10. The high-voltage interlock structure for the electric vehicle charging socket according to claim 7, wherein the top of the connecting terminal is lower than the top of the through-hole, and the male end connector is U-shaped or V-shaped, two ends of which are respectively inserted into the corresponding through-holes to be electrically connected to the connecting terminals therein.

11. The high-voltage interlock structure for the electric vehicle charging socket according to claim 6, wherein a contact resistance between the male end connector and the connecting terminal is less than 9 mΩ.

12. The high-voltage interlock structure for the electric vehicle charging socket according to claim 7, wherein the interlock connecting seat comprises a base and a protrusion, and two of the through-holes pass through the base and the protrusion respectively; the male end connector is U-shaped or V-shaped and is fixedly connected to the mounting portion of the connector or of the rear cover, the mounting portion further comprises a cavity with one end opened, and two ends of the U-shaped male end connector or the V-shaped male end connector protrude from a bottom surface of the cavity; and the protrusion is matched with the cavity by plugging, and the two ends of the U-shaped male end connector or the V-shaped male end connector are inserted into the corresponding through-holes to be electrically connected to the connecting terminals therein.
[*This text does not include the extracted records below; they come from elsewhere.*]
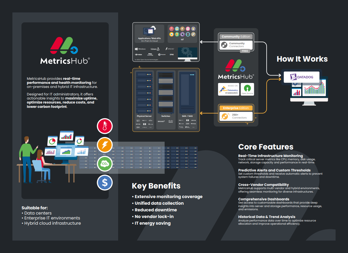 With MetricsHub®, gain real-time visibility into hardware health, system performance, and sustainability metrics across servers, storage, and networks—helping you prevent failures, optimize costs, and run greener data centers.
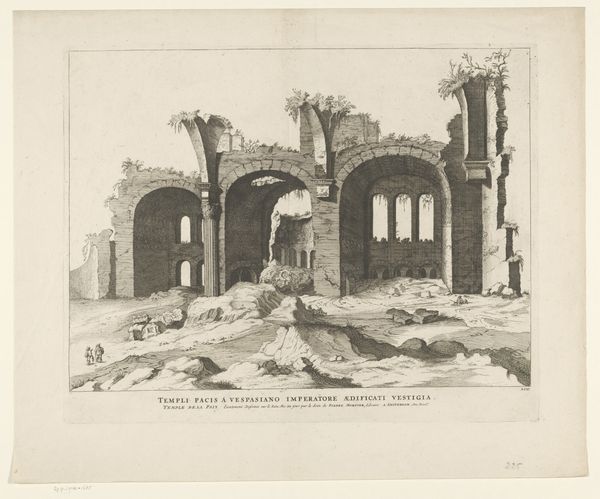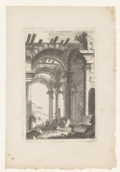 Editor: This is Giovanni Battista Piranesi's "Temple of Juno Regina, now Church of S. Angelo in Pescheria," an engraving from between 1741 and 1748. There’s a melancholy feel to it, seeing these grand ruins overtaken by…well, everything. What do you see in this piece? Curator: I see a potent commentary on power, time, and the ways societies repurpose history to serve their present needs. This print isn't just a picturesque depiction of ruins; it’s an interrogation of the very narratives we construct around civilization and decay. Consider how Piranesi, through his dramatic use of light and shadow, emphasizes the co-existence of the ancient temple dedicated to Juno Regina and the superimposed presence of a church. What does it mean when a sacred space dedicated to a powerful Roman goddess is literally consumed and replaced by a new religious structure? Editor: I hadn't thought about it like that. So, it's not just a depiction, but more of a…critique? Curator: Precisely. Piranesi asks us to confront the layers of power embedded within the landscape. He uses architecture to reveal how dominant ideologies write themselves onto the world. And more so, challenges us to consider how these imposed narratives impact marginalized groups or displaced belief systems, and the social repercussions of cultural shifts. Can you imagine what communities once centered on the worship of Juno thought about this visual erasure of their history? Editor: It's thought-provoking. Seeing it as a study of repurposed space and imposed power dynamics changes the way I understand the print completely. Thank you. Curator: And thank you. Considering art through the lens of intersectionality always brings a richer understanding, for all involved.
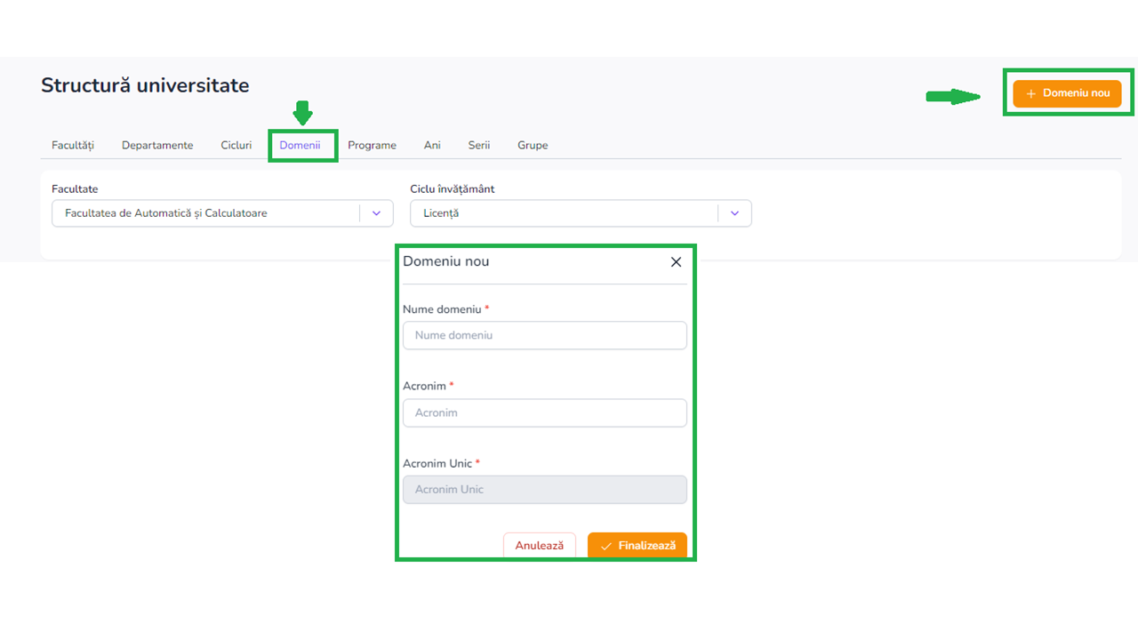- Pas următor constă în adăugarea domeniului de studiu corespunzător pentru a asigura asocierea corectă a facultății cu domeniul academic aferent. Apasă butonul “Domeniu nou”, completeaza campurile “Nume domeniu” si “Acronimul” iar “Acronimul unic” se completeaza automat. Apasa butonul “Finalizeaza”.
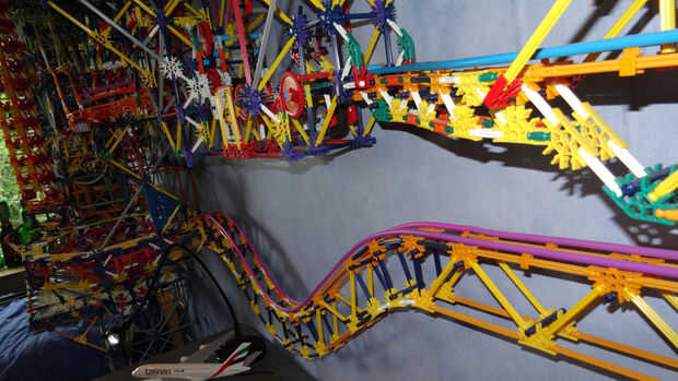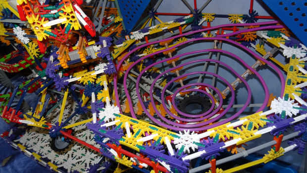 Estas 2 son mis versiones anteriores .Se trata de un remake de mi primera máquina de la bola de K'nex. Acabo de recibir más piezas por lo que he podido actualizarlo mayormente. Tiene un total de 6 rutas, cuenta con más de 7.000 piezas y soportes más
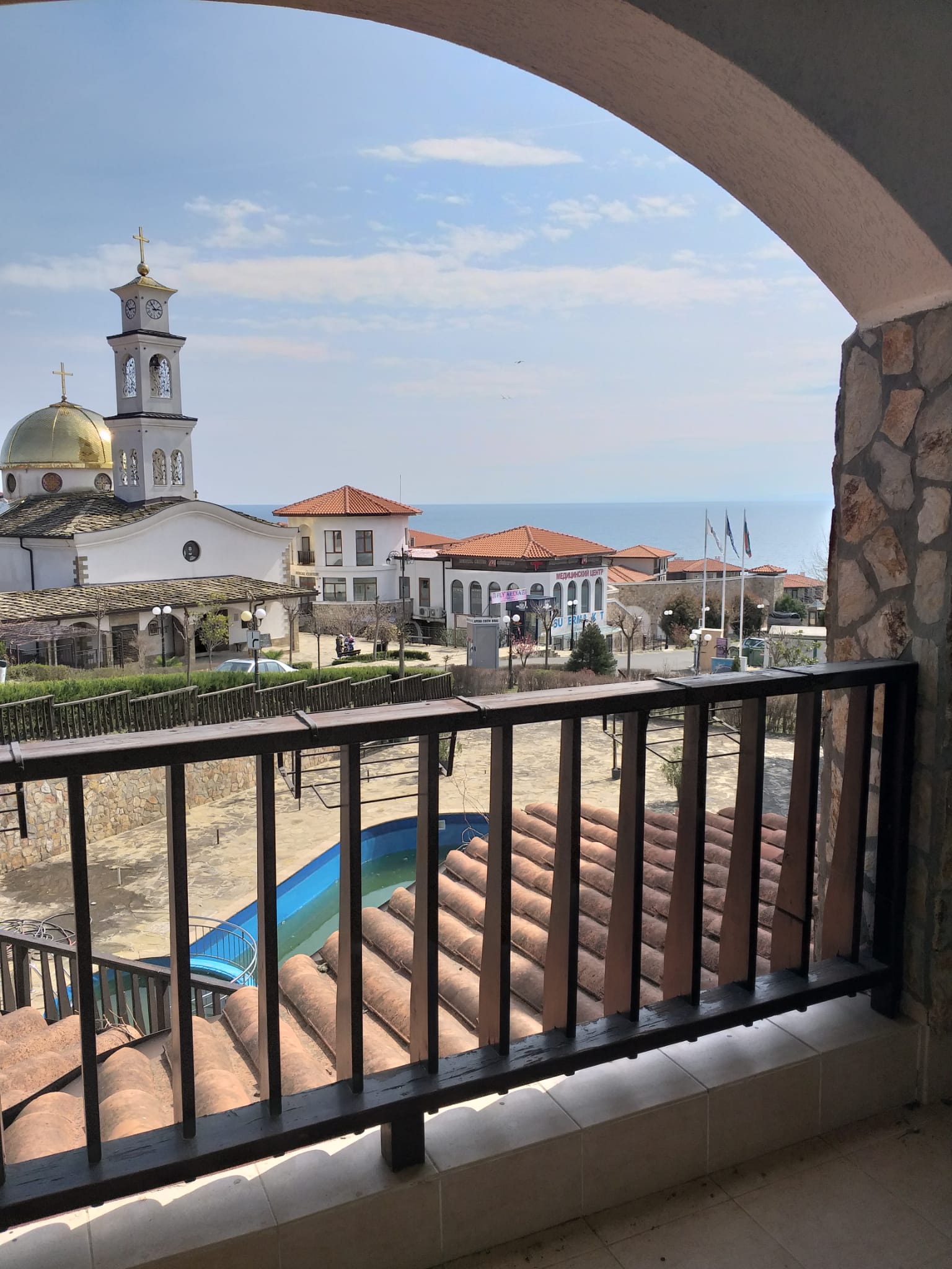 Близо до яхтеното пристанище, сред поддържани зелени площи е построена красива православна църква.
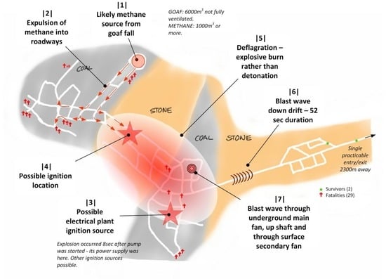 - Davis, S.G.; Engel, D.; van Wingerden, K. Complex explosion development in mines: Case study—2010 Upper Big Branch mine explosion. Process Safety Progress 2015, 34, 286–303. [Google Scholar] [CrossRef]
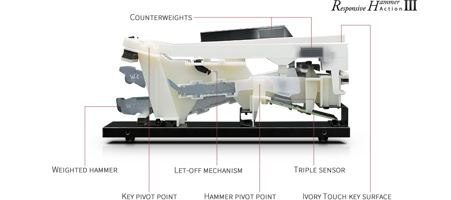 Responsive Hammer Action III 是為了完整重現平型鋼琴觸鍵回饋感,講究鍵盤的質量.音槌的重量感等打弦器細微部分。並搭載了鍵盤砝碼,實現接近木製鍵盤的觸鍵感。鍵盤演奏性和控制性也獲得提升,可以表現出細膩的演奏。
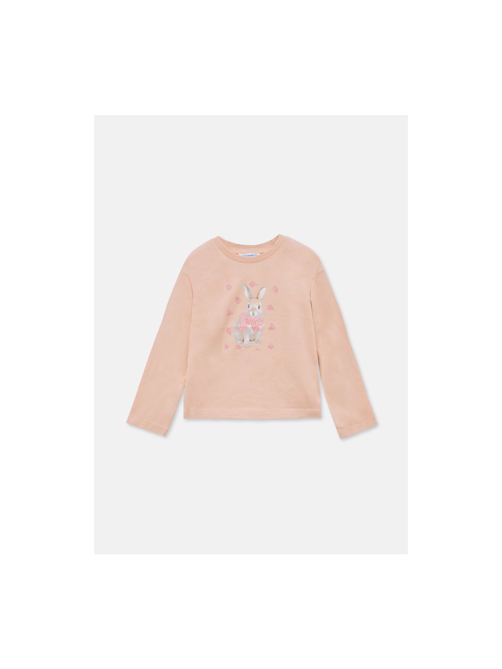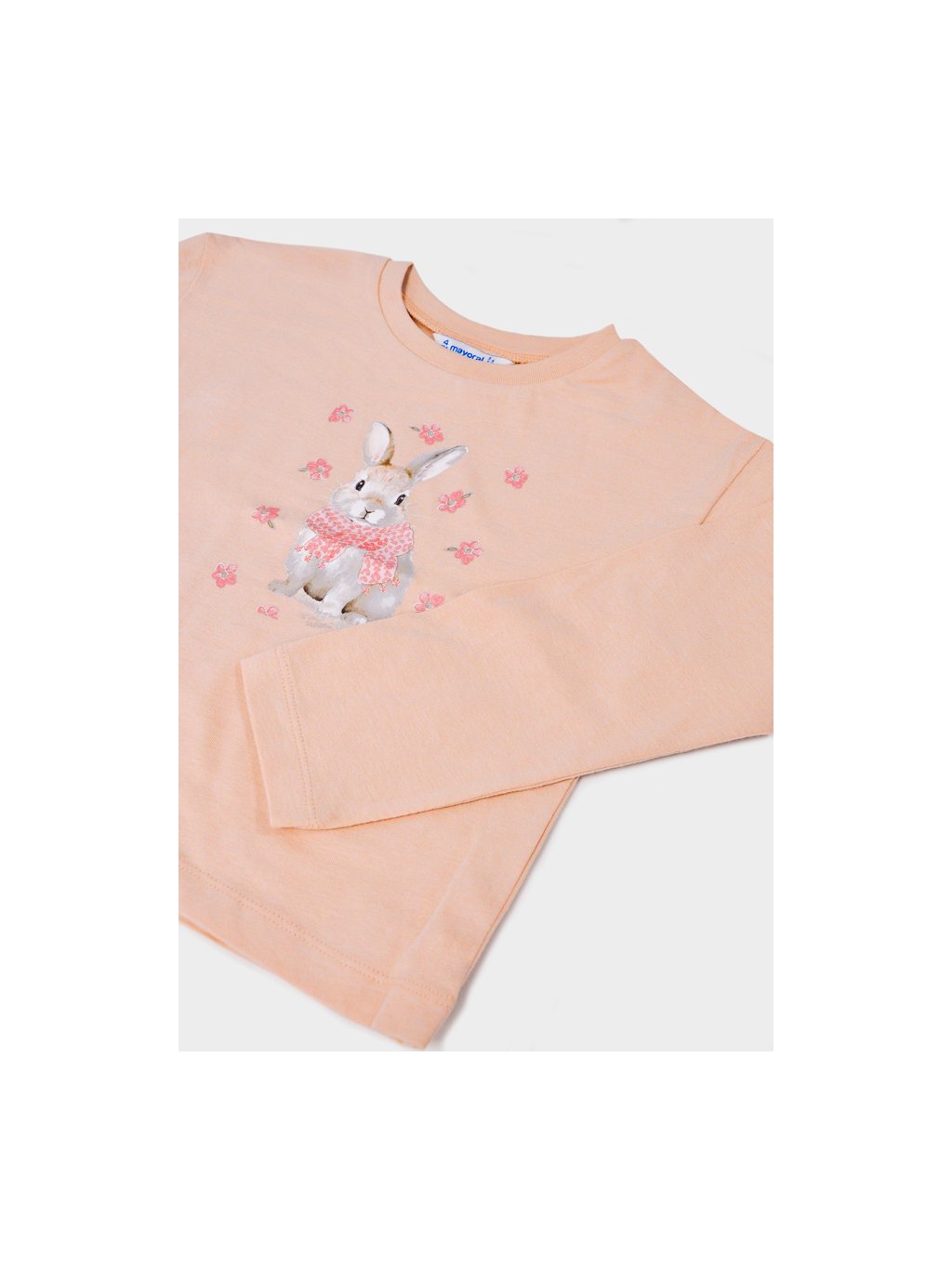 Mayoral dívčí triko s dlouhým rukávem a tiskem. Triko je z velice příjemného bavlněného materiálu s elastanem. Triko má na přední straně roztomilý tisk králíčka, u krku je kulatý výstřih.

13. The high-voltage interlock structure for the electric vehicle charging socket according to claim 10, wherein when the connector or the rear cover and the charging socket body are in a mounting position, two ends of the U-shaped male end connector or the V-shaped male end connector are overlapped with the connecting terminal by plugging.

14. The high-voltage interlock structure for the electric vehicle charging socket according to claim 1, wherein a sealing device is disposed between the connector, the rear cover and the charging socket body.

15. The high-voltage interlock structure for the electric vehicle charging socket according to claim 1, wherein the connector and the rear cover are connected to the charging socket body by means of one or more of adhesive connection, magnetic connection, bayonet connection, plugging connection and latching connection.

16. A charging apparatus, comprising a charging terminal, a cable and the high-voltage interlock structure for the electric vehicle charging socket according to claim 1, wherein the charging terminal is connected to the cable and disposed in the charging socket body to conduct high-voltage current; when the connector and/or the rear cover is completely separated from the charging socket body, the male end connector and the female end connector are disconnected, and at the same time, a signal is given to the control device so that the control device disconnects the high-voltage current in the cable.

17. The charging apparatus according to claim 16, wherein the charging terminal is connected to a plug-in terminal of a mating end to conduct current, and when the male end connector is about to be separated from the female end connector, the charging terminal is not separated from the plug-in terminal.